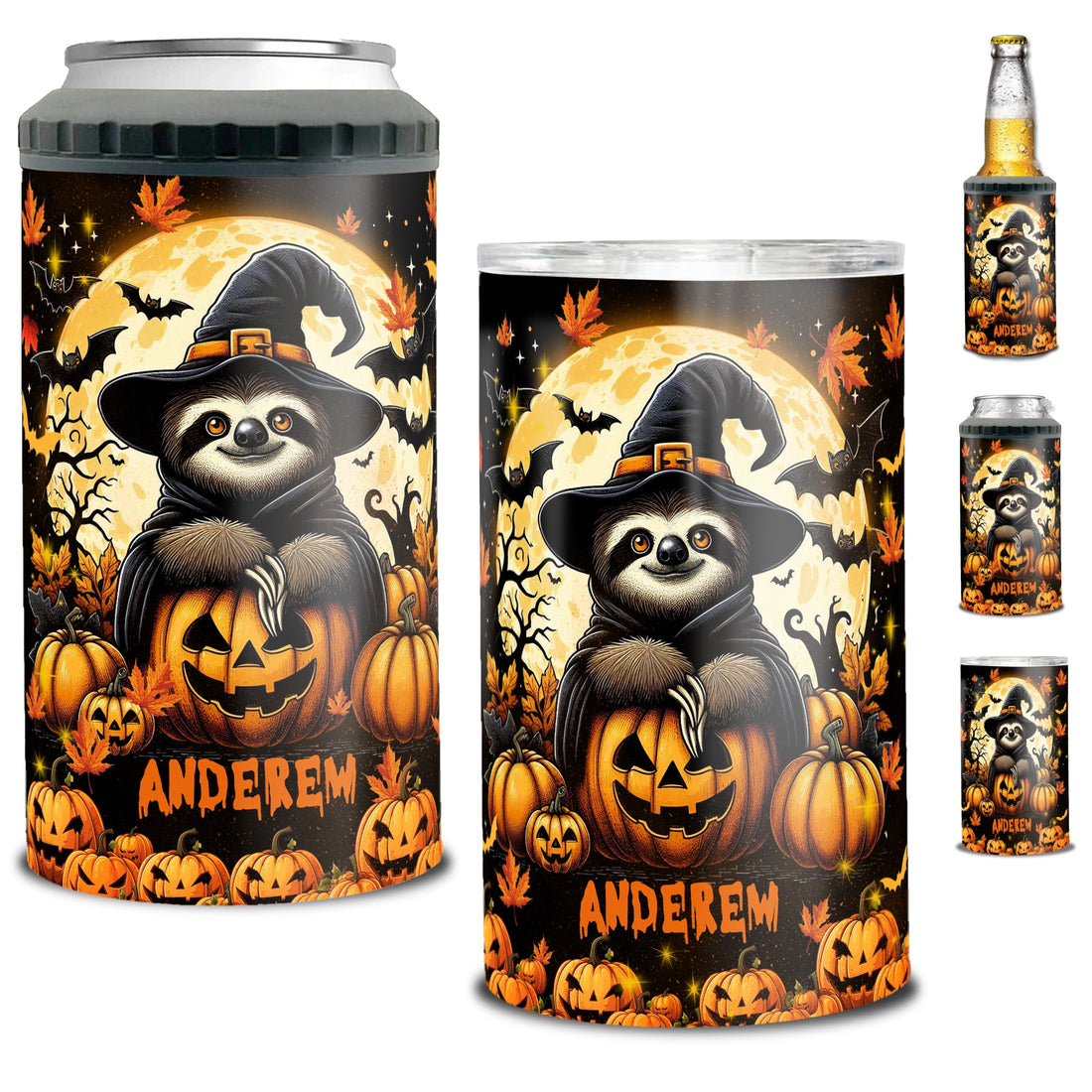 Personalized Sloth Halloween Can Cooler 4 in 1 Holder Cup with Lids Customized Name 16oz Beer Drinking Gifts for Sloths Lovers Women Men Kids Teen Holiday
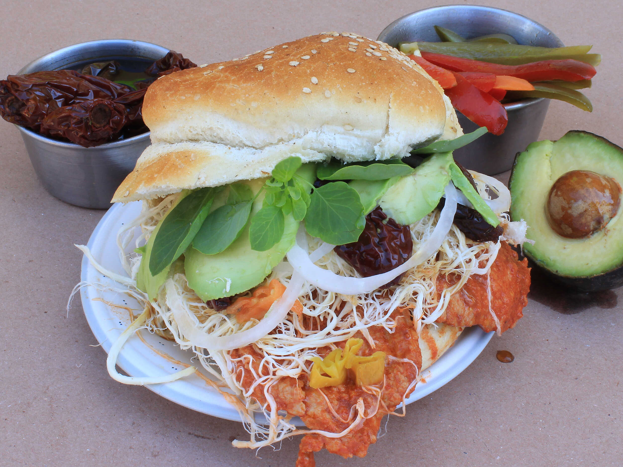 Pan tipo cemita, pata de res preparada, quesillo, picante, cebolla, aguacate, aceite de oliva, papalo
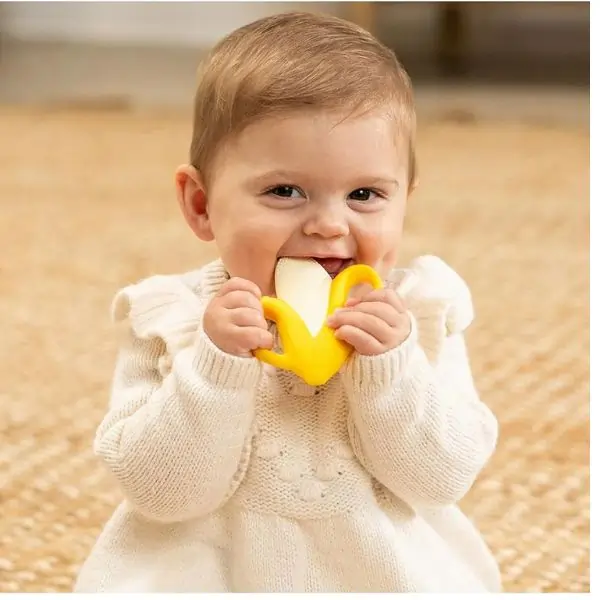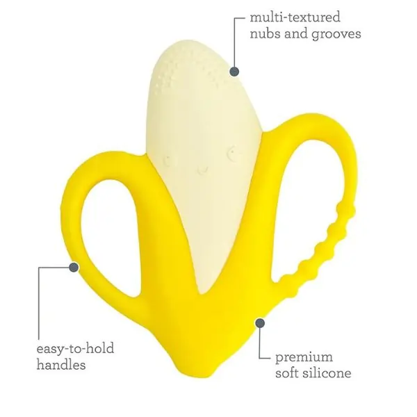 The Infantino Lil' Nibbles Banana Silicone Baby Teether offers fun and comfort for your baby’s teething stage. Its playful banana shape encourages sensory exploration while providing gentle relief to sore gums. The soft, textured silicone surface massages tender gums, and the easy-to-grip handles make it perfect for little hands. Made from BPA-free, food-grade silicone, it is safe, durable, and ideal for daily use at home or on the go.
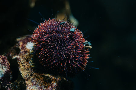 atomy Sea urchin (Strongylocentrotus purpuratus), close-up, Red Sea, Egypt, Africa
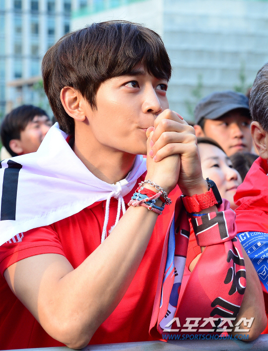 18일 오전 서울 종로구 세종로 광화문 광장에서 '2014 브라질월드컵' H조 한국 대 러시아 예선경기 거리응원이 펼쳐졌다. KBS2 '우리동네 예체능' 응원단 샤이니 민호가 응원을 펼치고 있다.
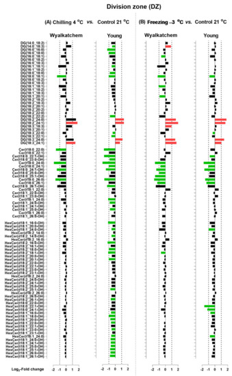 Log2-fold changes of DG, Cer, and HexCer species in the division zone (DZ) of cold-sensitive Wyalkatchem and cold-tolerant Young after exposure to (A) chilling and (B) freezing stress. Statistical significance was determined using an FDR-adjusted p-value of 0.05 as the cut-off. Green bar = significant decrease; Red bar = significant increase. Black bar represents lipid species that has no significant change after cold stress as compared to control. n = 4.
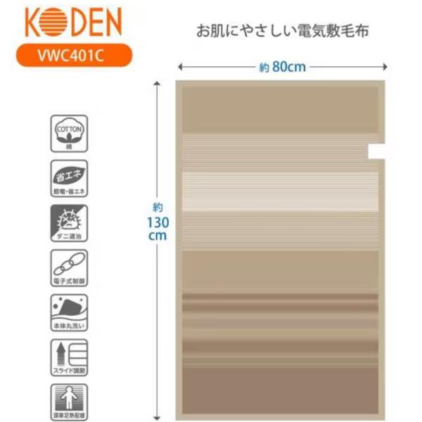 広電 電気敷毛布 VCE 401 C 敷毛布 毛布 電気 暖房 電気毛布 綿 シンプル おしゃれ ベージュ 茶色 ブラウン 寒さ対策 敏感肌 繊細肌 肌に優しい
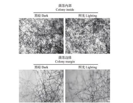 對在PSA平板上培養(yǎng)7、15、20 d后的ZJ09菌株菌落直徑進(jìn)行測量,結(jié)果表明:黑暗組和照光組的菌落直徑差異顯著(P<0.01),培養(yǎng)7、15、20 d后照光組的菌落直徑都顯著小于黑暗組的菌落直徑(圖1)。用顯微鏡觀察2組菌落,比較其菌落內(nèi)部(非邊緣區(qū)域)可以看到,2組菌落的厚度、菌絲密度無明顯差異;從菌落邊緣可以看到,2組菌落的菌絲在粗細(xì)、分支情況方面都未見明顯差異(圖2)。由此可得,照光組和黑暗組稻曲病菌的菌落直徑有顯著差異,反映出二者菌絲生長速率不同,表明照光可以明顯抑制稻曲病菌菌絲的生長。
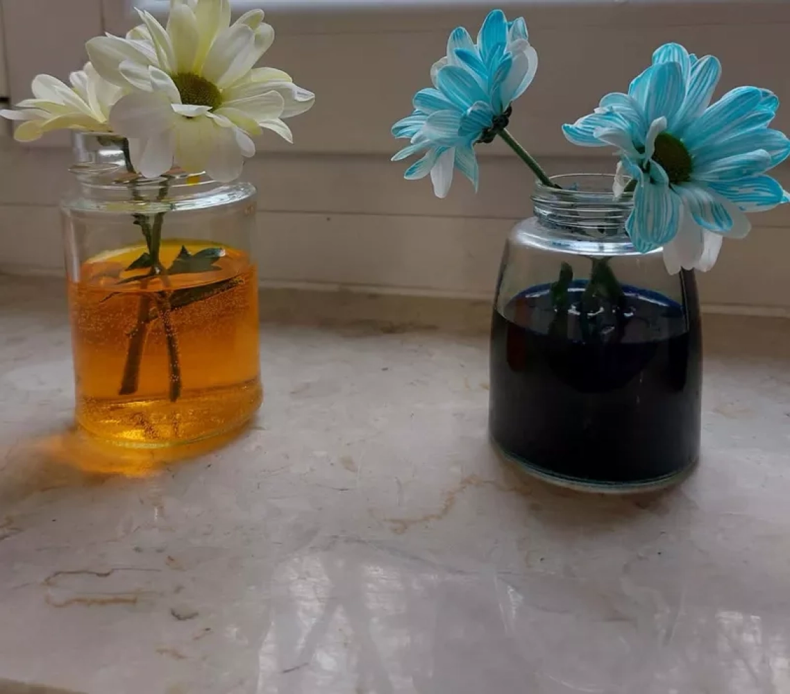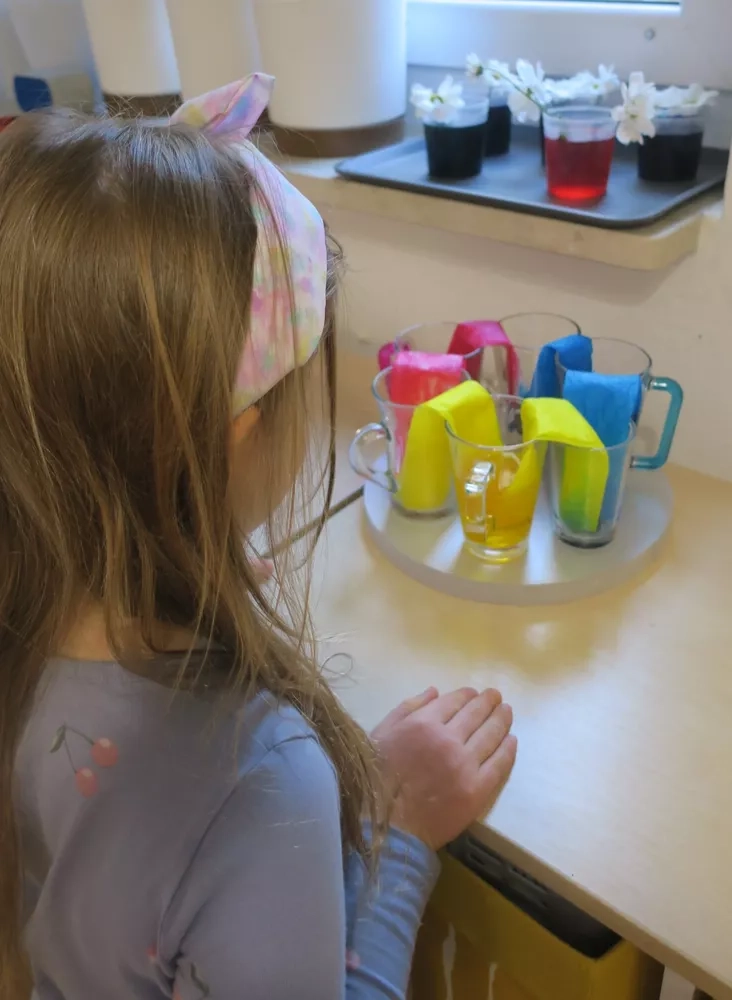 W ostatnich dniach odkrywaliśmy tajemnice wody. Dzieci przelewały wodę do różnych naczyń, porównywały jej ilość oraz sprawdzały, gdzie jest jej więcej, mniej lub tyle samo. Mieszały także kolory wody, obserwując powstające barwy. Sprawdzaliśmy, jak zmieni się kolor białego kwiatka włożonego do barwionej wody oraz jak kolorowa woda „wędruje” przez papierowe ręczniki niczym most między szklankami, tworząc piękne, kolorowe efekty
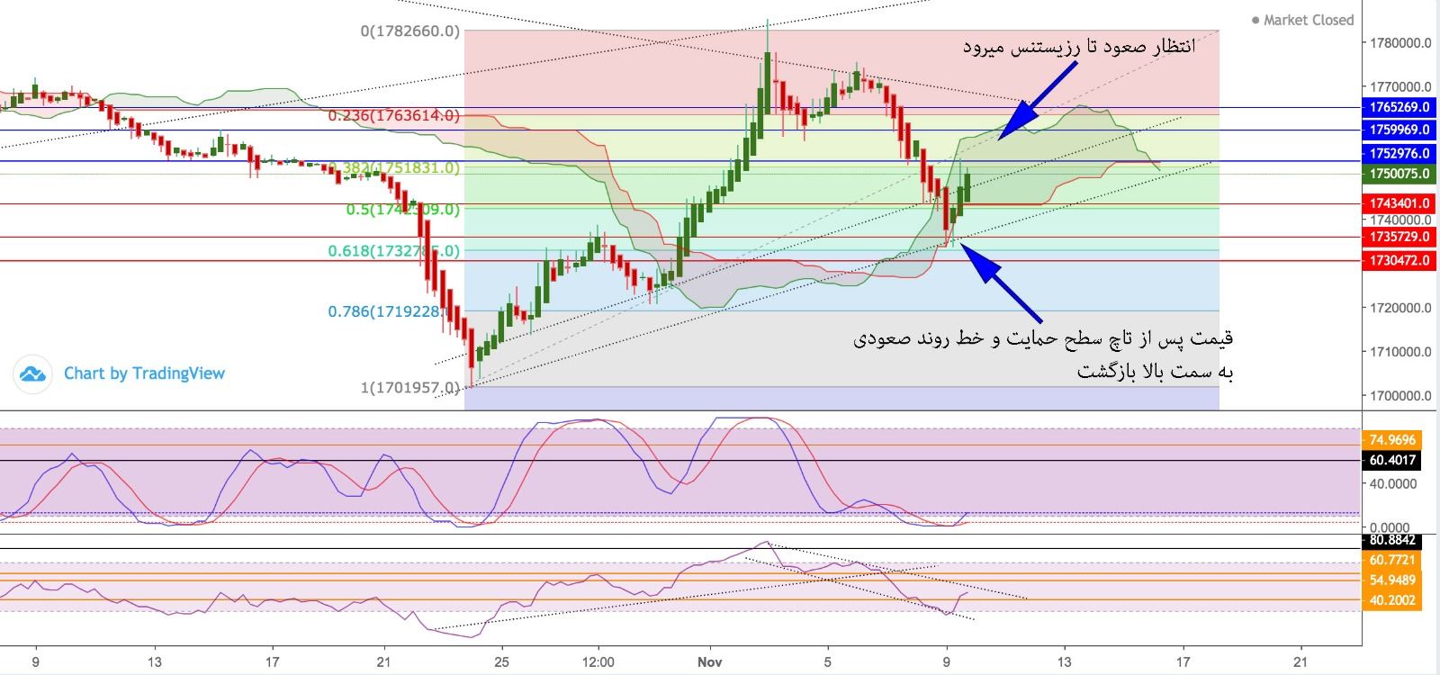 برای دوره های پیش رو صعود پیش بینی میشود و در این صعود در انتظار رسیدن قیمت به سطح 1752 و پس از آن 1757 هستیم. در صورت قرار گرفتن قیمت بالاتر از سطح 1765 انتظار ادامه صعود تا سطح مقاومت 1770 را خواهیم داشت.
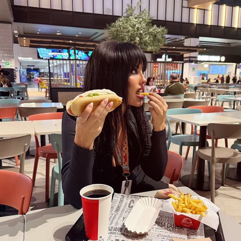 En las fotos, tomadas en un patio de comida rápida, la influencer se puede ver con largo cabello negro y chasquilla.
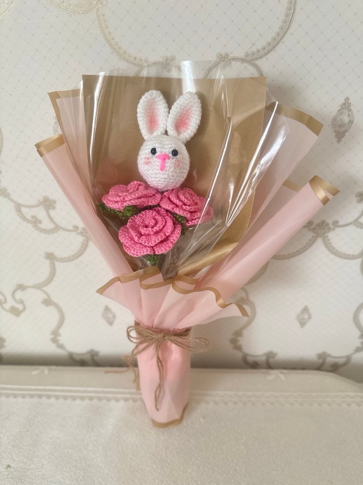 Pastel pembe renkte, tavşan başlı ve üç pembe gülden oluşan peluş oyuncak buketi, yumuşak pembe kağıda sarılı ve ip ile bağlanmış.
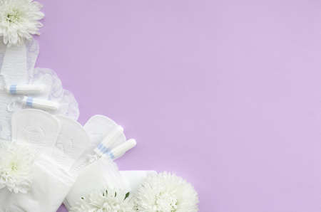 Menstrual pads and tampons with tender white flowers on pastel lilac background. Woman critical days, gynecological menstruation cycle period. Sanitary woman hygiene. Flat lay with copy space
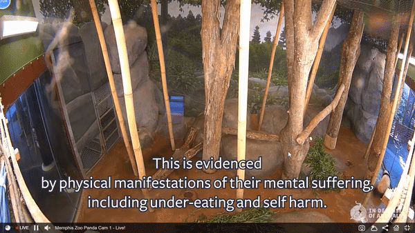 通過美國動物保護組織發佈的影片,可以看到丫丫在本就不寬敞的室內場館搖頭晃腦、不斷地在同一處繞圈爬行。
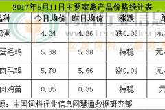 据饲料行业信息网慧通数据研究部数据统计,2017年5月11日中国主要家禽产品价格稳中震荡。其中鸡蛋价格跌幅收窄,淘汰蛋毛鸡价格止跌维稳;白羽肉毛鸡价格止跌回升,白羽肉鸡苗价格低位持稳。鸡蛋市场:目前蛋商观望情绪较强,养殖户低价惜售,其中山东局地走货加快,蛋价稳中小涨,预计短期内蛋价稳中小幅调..
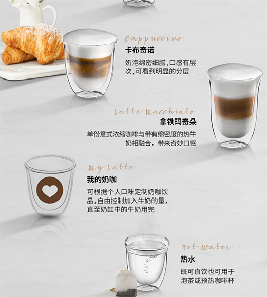 从意式浓缩咖啡、咖啡、卡布奇诺等,再到根据个人口味定制私人奶咖饮品,德龙全自动咖啡机E LattePro和E LattePlus均能完美涵盖以上所有需求,让手残党也可以制作出美味咖啡。
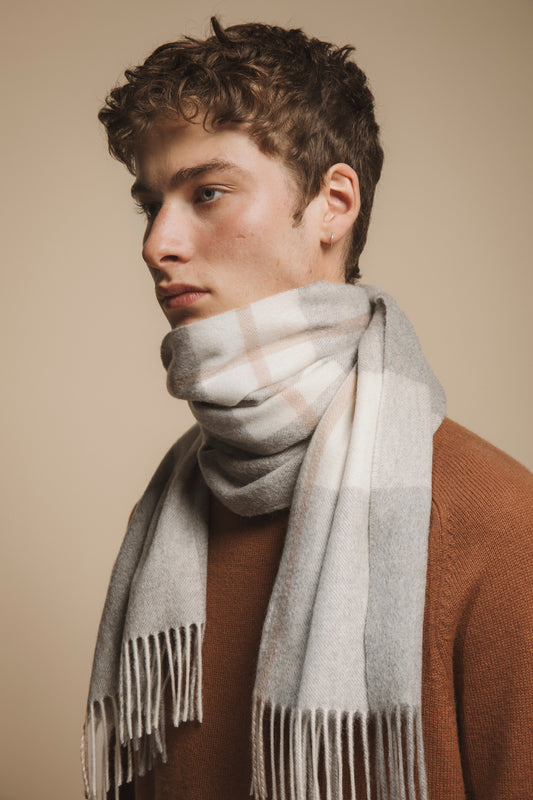 Contemporary Check Cashmere Wide Scarf - Grey Plaid Check
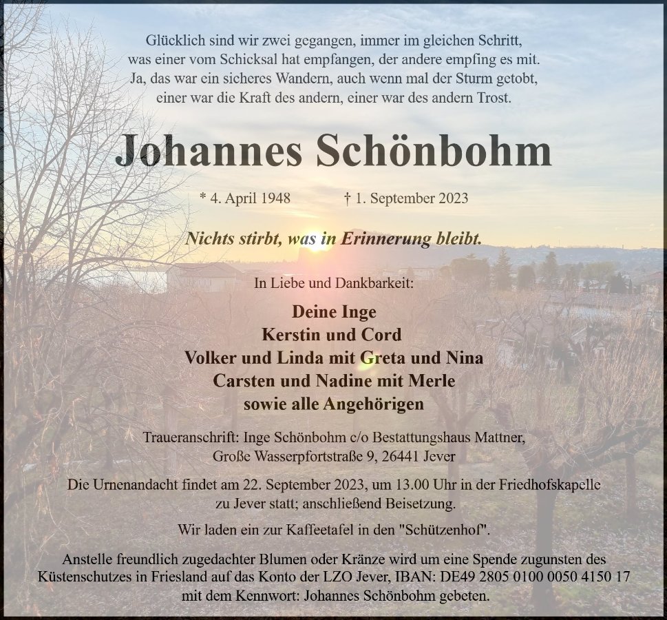 ich habe erst jetzt erfahren, dass Hans nicht mehr in Eurer Mitte lebt.
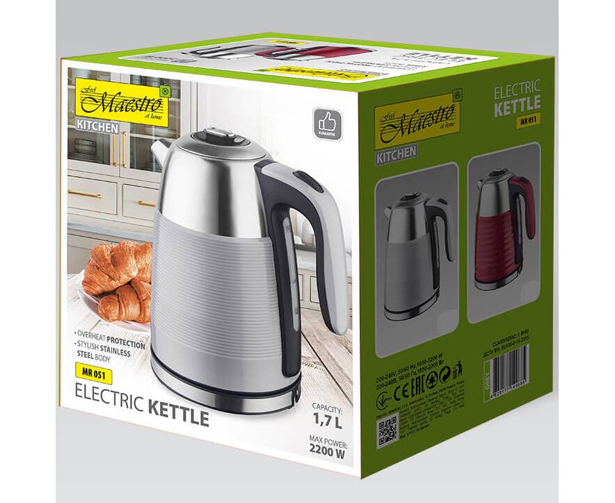 Чайник електричний металевий 1,7л Maestro (MR051-RED)
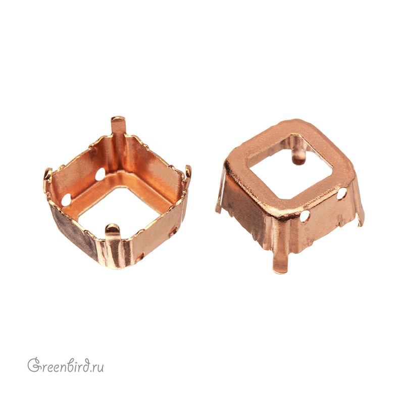 Оправа для ювелирных кристаллов Квадрат - 4480 Imperial Fancy Stone. Размер: 14 мм, высота боковой стороны (без лапок): 6,4 мм, отверстия: 0,8-1 мм. Материал: томпак (разновидность латуни), без покрытия. Технические, подходят для пайки. Допускается неоднородность цвета. В разных партиях цвет может варьироваться от светло-золотого к медному. Производство: Германия. Цена указана за 1 шт.

▶ PROBLEM
After locating the line containing "Pan tipo cemita, pata" in the entries above, return it and every line after it exactly, ending at the line containing "W ostatnich dniach", without pictures.

▶ ANSWER TO THIS EXERCISE
 Pan tipo cemita, pata de res preparada, quesillo, picante, cebolla, aguacate, aceite de oliva, papalo
 The Infantino Lil' Nibbles Banana Silicone Baby Teether offers fun and comfort for your baby’s teething stage. Its playful banana shape encourages sensory exploration while providing gentle relief to sore gums. The soft, textured silicone surface massages tender gums, and the easy-to-grip handles make it perfect for little hands. Made from BPA-free, food-grade silicone, it is safe, durable, and ideal for daily use at home or on the go.
 atomy Sea urchin (Strongylocentrotus purpuratus), close-up, Red Sea, Egypt, Africa
 18일 오전 서울 종로구 세종로 광화문 광장에서 '2014 브라질월드컵' H조 한국 대 러시아 예선경기 거리응원이 펼쳐졌다. KBS2 '우리동네 예체능' 응원단 샤이니 민호가 응원을 펼치고 있다.
 Log2-fold changes of DG, Cer, and HexCer species in the division zone (DZ) of cold-sensitive Wyalkatchem and cold-tolerant Young after exposure to (A) chilling and (B) freezing stress. Statistical significance was determined using an FDR-adjusted p-value of 0.05 as the cut-off. Green bar = significant decrease; Red bar = significant increase. Black bar represents lipid species that has no significant change after cold stress as compared to control. n = 4.
 広電 電気敷毛布 VCE 401 C 敷毛布 毛布 電気 暖房 電気毛布 綿 シンプル おしゃれ ベージュ 茶色 ブラウン 寒さ対策 敏感肌 繊細肌 肌に優しい
 對在PSA平板上培養(yǎng)7、15、20 d后的ZJ09菌株菌落直徑進(jìn)行測量,結(jié)果表明:黑暗組和照光組的菌落直徑差異顯著(P<0.01),培養(yǎng)7、15、20 d后照光組的菌落直徑都顯著小于黑暗組的菌落直徑(圖1)。用顯微鏡觀察2組菌落,比較其菌落內(nèi)部(非邊緣區(qū)域)可以看到,2組菌落的厚度、菌絲密度無明顯差異;從菌落邊緣可以看到,2組菌落的菌絲在粗細(xì)、分支情況方面都未見明顯差異(圖2)。由此可得,照光組和黑暗組稻曲病菌的菌落直徑有顯著差異,反映出二者菌絲生長速率不同,表明照光可以明顯抑制稻曲病菌菌絲的生長。
 W ostatnich dniach odkrywaliśmy tajemnice wody. Dzieci przelewały wodę do różnych naczyń, porównywały jej ilość oraz sprawdzały, gdzie jest jej więcej, mniej lub tyle samo. Mieszały także kolory wody, obserwując powstające barwy. Sprawdzaliśmy, jak zmieni się kolor białego kwiatka włożonego do barwionej wody oraz jak kolorowa woda „wędruje” przez papierowe ręczniki niczym most między szklankami, tworząc piękne, kolorowe efekty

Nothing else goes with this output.